Top of Data extract

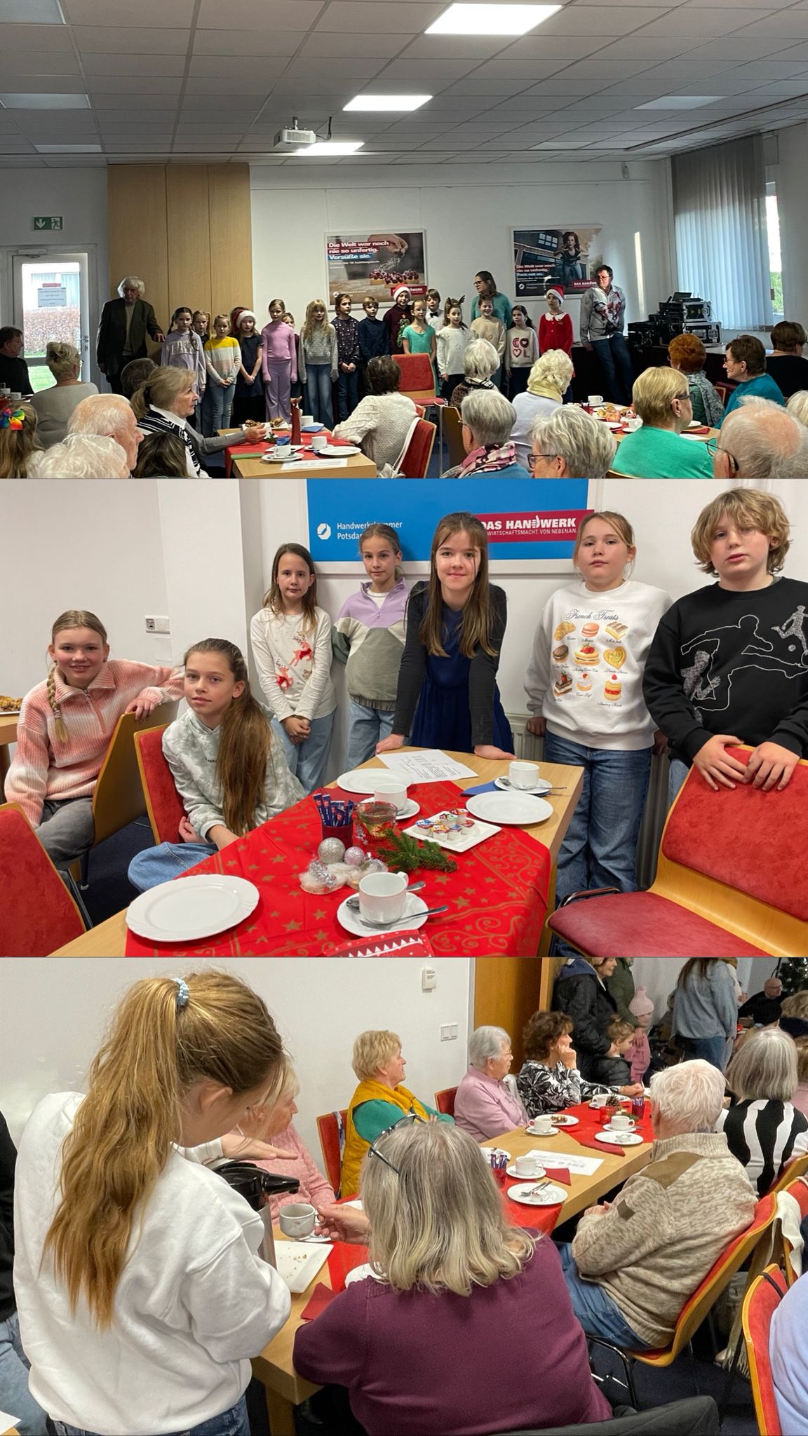 Ein besonderer Höhepunkt war der musikalische Beitrag unserer Sängerinnen und Sänger aus dem dritten Jahrgang unter der Leitung von Frau Hoßfeld. Die Senioren konnten den weihnachtlichen Klängen lauschen und sogar ein Solo-Gitarrenspiel einer Drittklässlerin bestaunen. Am Ende gab es für alle fleißigen Helfer und Sänger großen Applaus und kleine Süßigkeiten als Dankeschön.
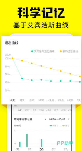 根据不同的阶段向我们推送恰当的训练项目,软件还会对一定周期学会的新词量进行整合、提供报表,让我们可以直观看到自己的进步。
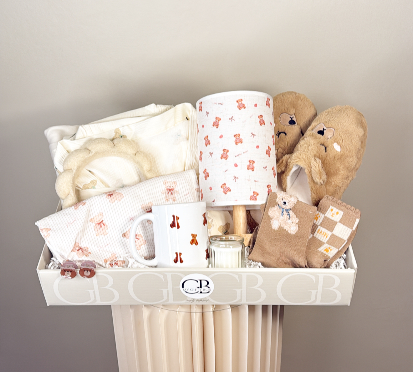 لحاف .روب منزل قياس فري سايز .ابجوره مضيئه.كوب مع شاي استرخاء .٢ جوارب .تاج .حقيبه مستلزمات شخصيه .شمعه معطره .٢ كلبس للشعر .حذاء للمنزل .شعار اكرليك حسب المناسبه .كيس وكرت اهداء خاص بالمناسبه .تصل لاحبابكم مغلفه بالتور المعطر .
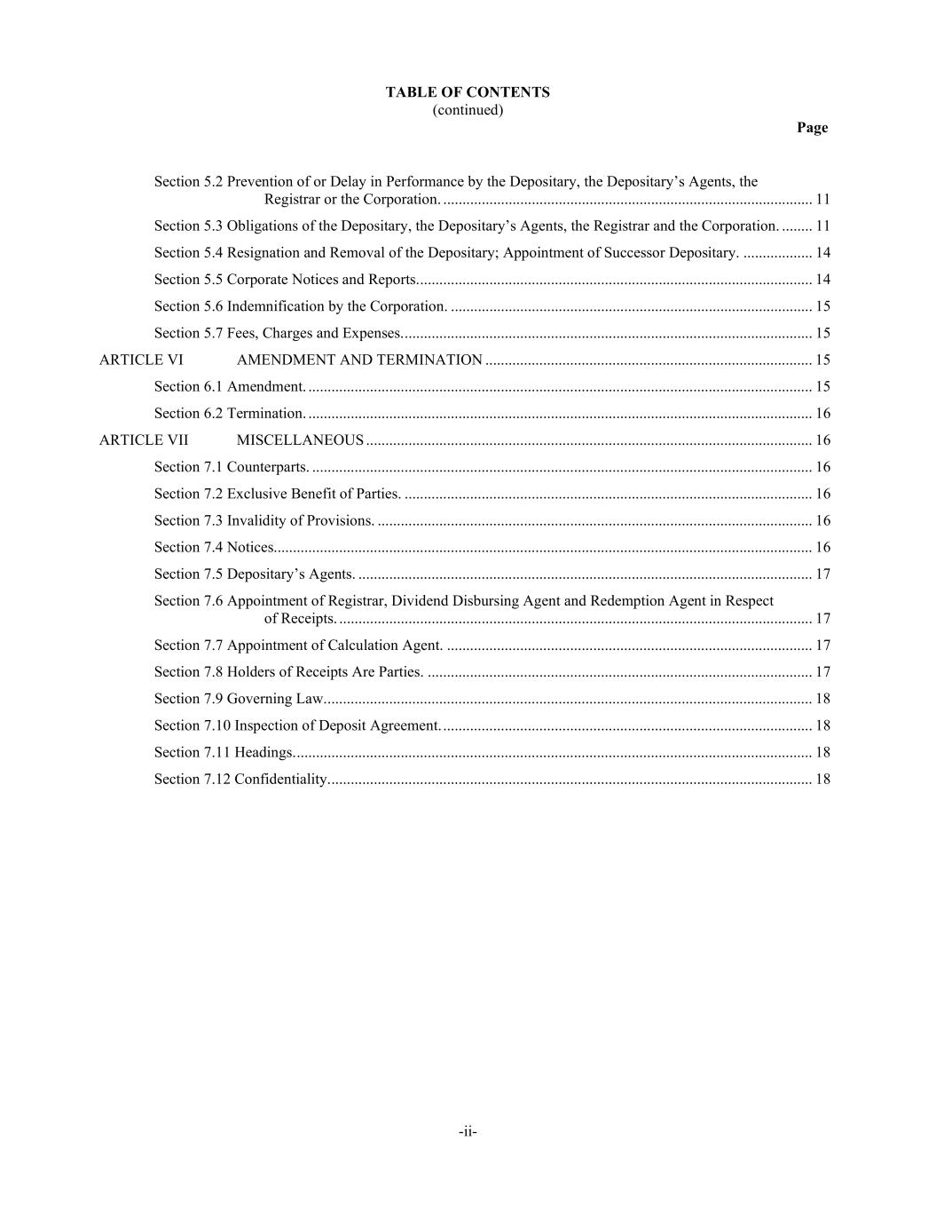 TABLE OF CONTENTS (continued) Page -ii- Section 5.2 Prevention of or Delay in Performance by the Depositary, the Depositary’s Agents, the Registrar or the Corporation. ................................................................................................ 11 Section 5.3 Obligations of the Depositary, the Depositary’s Agents, the Registrar and the Corporation. ........ 11 Section 5.4 Resignation and Removal of the Depositary; Appointment of Successor Depositary. .................. 14 Section 5.5 Corporate Notices and Reports. ...................................................................................................... 14 Section 5.6 Indemnification by the Corporation. .............................................................................................. 15 Section 5.7 Fees, Charges and Expenses. .......................................................................................................... 15 ARTICLE VI AMENDMENT AND TERMINATION ..................................................................................... 15 Section 6.1 Amendment. ................................................................................................................................... 15 Section 6.2 Termination. ................................................................................................................................... 16 ARTICLE VII MISCELLANEOUS .................................................................................................................... 16 Section 7.1 Counterparts. .................................................................................................................................. 16 Section 7.2 Exclusive Benefit of Parties. .......................................................................................................... 16 Section 7.3 Invalidity of Provisions. ................................................................................................................. 16 Section 7.4 Notices. ........................................................................................................................................... 16 Section 7.5 Depositary’s Agents. ...................................................................................................................... 17 Section 7.6 Appointment of Registrar, Dividend Disbursing Agent and Redemption Agent in Respect of Receipts. ........................................................................................................................... 17 Section 7.7 Appointment of Calculation Agent. ............................................................................................... 17 Section 7.8 Holders of Receipts Are Parties. .................................................................................................... 17 Section 7.9 Governing Law. .............................................................................................................................. 18 Section 7.10 Inspection of Deposit Agreement. ................................................................................................ 18 Section 7.11 Headings. ...................................................................................................................................... 18 Section 7.12 Confidentiality. ............................................................................................................................. 18

Bottom of Data extract

Nothing but the text is wanted: repeat the data above exactly, without its images.

:: Written response ::
 Ein besonderer Höhepunkt war der musikalische Beitrag unserer Sängerinnen und Sänger aus dem dritten Jahrgang unter der Leitung von Frau Hoßfeld. Die Senioren konnten den weihnachtlichen Klängen lauschen und sogar ein Solo-Gitarrenspiel einer Drittklässlerin bestaunen. Am Ende gab es für alle fleißigen Helfer und Sänger großen Applaus und kleine Süßigkeiten als Dankeschön.
 根据不同的阶段向我们推送恰当的训练项目,软件还会对一定周期学会的新词量进行整合、提供报表,让我们可以直观看到自己的进步。
 لحاف .روب منزل قياس فري سايز .ابجوره مضيئه.كوب مع شاي استرخاء .٢ جوارب .تاج .حقيبه مستلزمات شخصيه .شمعه معطره .٢ كلبس للشعر .حذاء للمنزل .شعار اكرليك حسب المناسبه .كيس وكرت اهداء خاص بالمناسبه .تصل لاحبابكم مغلفه بالتور المعطر .
 TABLE OF CONTENTS (continued) Page -ii- Section 5.2 Prevention of or Delay in Performance by the Depositary, the Depositary’s Agents, the Registrar or the Corporation. ................................................................................................ 11 Section 5.3 Obligations of the Depositary, the Depositary’s Agents, the Registrar and the Corporation. ........ 11 Section 5.4 Resignation and Removal of the Depositary; Appointment of Successor Depositary. .................. 14 Section 5.5 Corporate Notices and Reports. ...................................................................................................... 14 Section 5.6 Indemnification by the Corporation. .............................................................................................. 15 Section 5.7 Fees, Charges and Expenses. .......................................................................................................... 15 ARTICLE VI AMENDMENT AND TERMINATION ..................................................................................... 15 Section 6.1 Amendment. ................................................................................................................................... 15 Section 6.2 Termination. ................................................................................................................................... 16 ARTICLE VII MISCELLANEOUS .................................................................................................................... 16 Section 7.1 Counterparts. .................................................................................................................................. 16 Section 7.2 Exclusive Benefit of Parties. .......................................................................................................... 16 Section 7.3 Invalidity of Provisions. ................................................................................................................. 16 Section 7.4 Notices. ........................................................................................................................................... 16 Section 7.5 Depositary’s Agents. ...................................................................................................................... 17 Section 7.6 Appointment of Registrar, Dividend Disbursing Agent and Redemption Agent in Respect of Receipts. ........................................................................................................................... 17 Section 7.7 Appointment of Calculation Agent. ............................................................................................... 17 Section 7.8 Holders of Receipts Are Parties. .................................................................................................... 17 Section 7.9 Governing Law. .............................................................................................................................. 18 Section 7.10 Inspection of Deposit Agreement. ................................................................................................ 18 Section 7.11 Headings. ...................................................................................................................................... 18 Section 7.12 Confidentiality. ............................................................................................................................. 18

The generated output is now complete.